I was just kind of strolling and that popped up
and they were just like, you know, you know, when
you change the cycle and you break that that that
thing in life that was looming overhead, and it's no
longer on the responsibilities of these kids because now they're
(15:27):
forced into into reality. I guess what. They're not forcing
into reality, but they're live in the reality and they're
not being pushed by reality because they're creating their reality.
And it's just, like I said, it's just just something
that that I really took a deep sigh and was like, Oh,
(15:49):
I did that. We did that, We made that fucking happen.
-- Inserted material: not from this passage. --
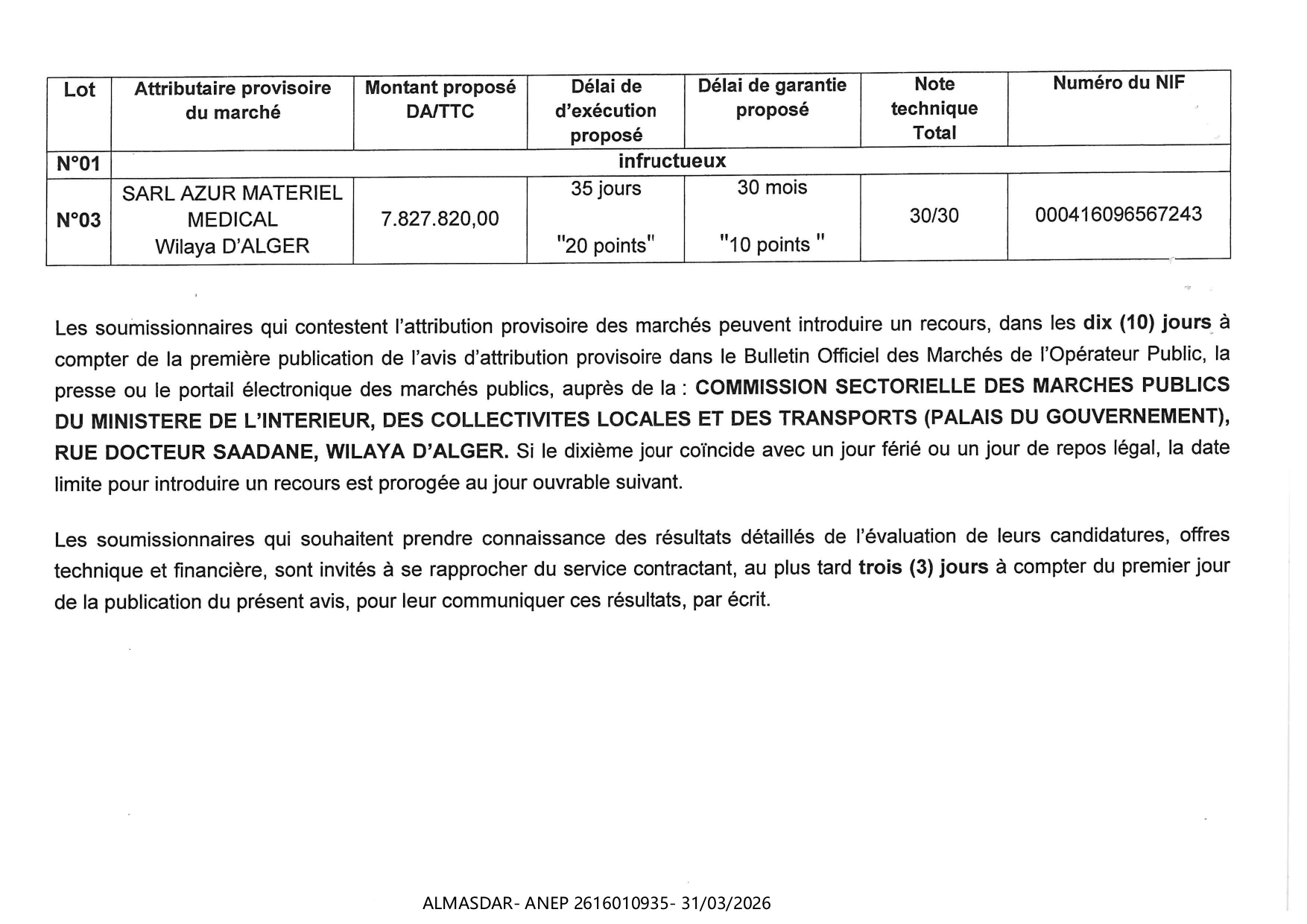 الزبون: DIRECTION GENERALE DE LA SURETE NATIONALES رقم ANEP 2616010935 تاريخ النشر: 2026-03-31 عدد الصفحات: 1/2

It makes me fucking happy, you know what I'm saying,
Like I've had to go through a lot of stuff
in my life because you know, I didn't know what
a hell the relationship was. I didn't know what a
stable family was because I've always had this hectic things happening,
you know what I'm saying, Like, you know, I just
(16:10):
always had chaos. And now that there's no no longer chaos,
it's like it's like a whole noother level of relationship
and respect and a whole nother aspect of my life.
That is something that I'm growing into enjoying, you know,
Like I said, it's just it's so crazy. Like I said,
I'm you know, I'm up there in age, but at
(16:31):
the same fucking time, it's like you're still growing, still learning,
you're still going through these things. And because you're going
through these things, because you're learning these things, and just
having these moments of clarity where it's like, I realize
this makes me fucking happy, and I fucking appreciate it.
So guess the fuck what this is? The angry motherfucking dad.